§ Task directions
Only one stretch of the data below should be repeated: the lines from the line containing "解的生活經驗和生命意境,來為學生詮釋〈醉翁亭記〉、〈岳陽樓記〉、 〈赤壁賦〉、〈黃州快哉亭記〉四篇「生命情懷」之異同。(共 20" through the line containing "Collection textiles include", inclusive, exactly as they are.
─── Supplied data
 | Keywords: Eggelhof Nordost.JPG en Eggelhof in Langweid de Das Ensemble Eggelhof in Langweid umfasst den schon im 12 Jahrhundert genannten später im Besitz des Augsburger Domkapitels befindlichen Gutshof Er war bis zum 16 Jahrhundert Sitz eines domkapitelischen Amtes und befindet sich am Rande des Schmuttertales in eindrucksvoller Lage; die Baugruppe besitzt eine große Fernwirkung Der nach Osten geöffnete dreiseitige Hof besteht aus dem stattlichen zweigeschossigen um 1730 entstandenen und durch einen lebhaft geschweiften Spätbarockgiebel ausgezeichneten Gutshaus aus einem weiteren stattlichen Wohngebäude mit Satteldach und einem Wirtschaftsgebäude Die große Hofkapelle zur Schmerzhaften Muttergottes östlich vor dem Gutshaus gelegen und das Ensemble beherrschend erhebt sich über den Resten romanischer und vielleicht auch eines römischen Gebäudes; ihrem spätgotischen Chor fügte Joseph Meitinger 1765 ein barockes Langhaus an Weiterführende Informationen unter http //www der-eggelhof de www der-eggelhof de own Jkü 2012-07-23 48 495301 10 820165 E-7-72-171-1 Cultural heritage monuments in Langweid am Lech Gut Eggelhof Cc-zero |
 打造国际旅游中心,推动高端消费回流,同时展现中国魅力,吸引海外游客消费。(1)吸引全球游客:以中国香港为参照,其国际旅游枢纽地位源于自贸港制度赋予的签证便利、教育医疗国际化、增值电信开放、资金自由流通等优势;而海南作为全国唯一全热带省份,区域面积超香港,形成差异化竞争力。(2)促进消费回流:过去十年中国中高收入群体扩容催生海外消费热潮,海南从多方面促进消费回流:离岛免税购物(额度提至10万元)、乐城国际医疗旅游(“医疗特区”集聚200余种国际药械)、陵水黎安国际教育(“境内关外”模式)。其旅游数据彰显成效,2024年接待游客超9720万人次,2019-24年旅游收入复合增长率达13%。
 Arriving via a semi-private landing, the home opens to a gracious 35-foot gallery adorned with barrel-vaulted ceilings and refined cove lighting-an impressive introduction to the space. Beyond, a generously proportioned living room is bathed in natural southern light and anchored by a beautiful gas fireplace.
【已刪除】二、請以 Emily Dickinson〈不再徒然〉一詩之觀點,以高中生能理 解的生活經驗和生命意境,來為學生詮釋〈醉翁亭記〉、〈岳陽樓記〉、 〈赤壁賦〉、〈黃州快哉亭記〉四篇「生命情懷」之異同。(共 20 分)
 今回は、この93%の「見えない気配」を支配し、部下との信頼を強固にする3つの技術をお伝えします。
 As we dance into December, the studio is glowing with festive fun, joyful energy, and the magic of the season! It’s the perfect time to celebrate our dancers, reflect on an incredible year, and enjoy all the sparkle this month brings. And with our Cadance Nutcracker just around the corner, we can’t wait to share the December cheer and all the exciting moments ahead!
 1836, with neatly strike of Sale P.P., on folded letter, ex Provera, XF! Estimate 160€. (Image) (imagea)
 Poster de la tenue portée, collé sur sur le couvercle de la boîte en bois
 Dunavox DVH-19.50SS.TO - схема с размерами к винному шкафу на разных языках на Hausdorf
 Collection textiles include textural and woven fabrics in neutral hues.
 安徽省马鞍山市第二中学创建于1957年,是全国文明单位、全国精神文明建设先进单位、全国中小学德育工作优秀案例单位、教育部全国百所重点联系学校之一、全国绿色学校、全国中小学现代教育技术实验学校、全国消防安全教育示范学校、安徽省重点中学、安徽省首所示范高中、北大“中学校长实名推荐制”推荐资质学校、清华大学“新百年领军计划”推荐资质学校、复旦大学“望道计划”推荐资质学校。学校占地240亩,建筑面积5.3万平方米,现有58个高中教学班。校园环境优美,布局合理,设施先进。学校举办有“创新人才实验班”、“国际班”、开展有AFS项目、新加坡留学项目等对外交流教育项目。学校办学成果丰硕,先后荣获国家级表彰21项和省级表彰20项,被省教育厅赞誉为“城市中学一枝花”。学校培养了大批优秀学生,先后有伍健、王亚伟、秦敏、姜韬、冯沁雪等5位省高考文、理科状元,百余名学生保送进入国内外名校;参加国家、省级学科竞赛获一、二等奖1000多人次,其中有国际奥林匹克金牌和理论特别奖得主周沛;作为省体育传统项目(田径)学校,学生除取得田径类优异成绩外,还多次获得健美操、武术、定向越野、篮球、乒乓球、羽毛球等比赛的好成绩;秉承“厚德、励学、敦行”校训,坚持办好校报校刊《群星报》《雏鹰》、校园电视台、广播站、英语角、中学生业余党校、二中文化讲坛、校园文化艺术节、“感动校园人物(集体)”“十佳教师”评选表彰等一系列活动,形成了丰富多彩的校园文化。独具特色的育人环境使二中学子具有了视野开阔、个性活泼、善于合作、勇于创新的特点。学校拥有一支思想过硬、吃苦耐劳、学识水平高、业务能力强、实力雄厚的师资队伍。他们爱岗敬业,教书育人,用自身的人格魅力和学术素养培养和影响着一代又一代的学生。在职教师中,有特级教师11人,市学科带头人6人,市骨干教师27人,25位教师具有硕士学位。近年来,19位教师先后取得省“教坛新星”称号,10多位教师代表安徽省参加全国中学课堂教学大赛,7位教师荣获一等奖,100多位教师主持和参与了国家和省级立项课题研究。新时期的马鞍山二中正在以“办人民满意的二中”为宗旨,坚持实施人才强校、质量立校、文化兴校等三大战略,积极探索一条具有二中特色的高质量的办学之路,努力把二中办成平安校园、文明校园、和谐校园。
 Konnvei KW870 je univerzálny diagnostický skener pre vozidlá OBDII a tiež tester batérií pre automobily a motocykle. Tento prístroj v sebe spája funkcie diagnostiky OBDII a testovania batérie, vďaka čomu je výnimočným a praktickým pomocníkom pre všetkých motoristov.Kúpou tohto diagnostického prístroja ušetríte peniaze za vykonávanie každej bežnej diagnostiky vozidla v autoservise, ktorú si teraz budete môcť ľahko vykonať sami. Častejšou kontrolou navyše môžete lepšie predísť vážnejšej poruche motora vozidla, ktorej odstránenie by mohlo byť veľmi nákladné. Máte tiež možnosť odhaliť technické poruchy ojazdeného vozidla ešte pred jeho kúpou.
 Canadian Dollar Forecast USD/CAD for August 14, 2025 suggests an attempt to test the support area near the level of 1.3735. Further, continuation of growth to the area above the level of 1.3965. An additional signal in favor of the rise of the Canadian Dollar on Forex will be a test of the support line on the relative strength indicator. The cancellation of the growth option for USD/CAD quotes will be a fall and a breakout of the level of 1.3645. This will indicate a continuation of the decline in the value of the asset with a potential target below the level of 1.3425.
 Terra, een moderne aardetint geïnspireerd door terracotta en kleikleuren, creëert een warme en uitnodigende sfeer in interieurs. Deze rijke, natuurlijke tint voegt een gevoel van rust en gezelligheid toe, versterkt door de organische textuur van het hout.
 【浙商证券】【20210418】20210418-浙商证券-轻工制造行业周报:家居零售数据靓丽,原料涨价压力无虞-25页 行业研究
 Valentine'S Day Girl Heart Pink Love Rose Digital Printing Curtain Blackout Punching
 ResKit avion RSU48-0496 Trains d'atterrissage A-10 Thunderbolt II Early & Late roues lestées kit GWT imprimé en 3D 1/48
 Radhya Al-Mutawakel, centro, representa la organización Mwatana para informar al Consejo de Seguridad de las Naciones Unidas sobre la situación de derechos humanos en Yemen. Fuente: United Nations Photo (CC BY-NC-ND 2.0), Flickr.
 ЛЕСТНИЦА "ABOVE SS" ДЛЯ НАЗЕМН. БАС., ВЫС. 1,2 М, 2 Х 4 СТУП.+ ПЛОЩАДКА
──────
§ Answer below
【已刪除】二、請以 Emily Dickinson〈不再徒然〉一詩之觀點,以高中生能理 解的生活經驗和生命意境,來為學生詮釋〈醉翁亭記〉、〈岳陽樓記〉、 〈赤壁賦〉、〈黃州快哉亭記〉四篇「生命情懷」之異同。(共 20 分)
 今回は、この93%の「見えない気配」を支配し、部下との信頼を強固にする3つの技術をお伝えします。
 As we dance into December, the studio is glowing with festive fun, joyful energy, and the magic of the season! It’s the perfect time to celebrate our dancers, reflect on an incredible year, and enjoy all the sparkle this month brings. And with our Cadance Nutcracker just around the corner, we can’t wait to share the December cheer and all the exciting moments ahead!
 1836, with neatly strike of Sale P.P., on folded letter, ex Provera, XF! Estimate 160€. (Image) (imagea)
 Poster de la tenue portée, collé sur sur le couvercle de la boîte en bois
 Dunavox DVH-19.50SS.TO - схема с размерами к винному шкафу на разных языках на Hausdorf
 Collection textiles include textural and woven fabrics in neutral hues.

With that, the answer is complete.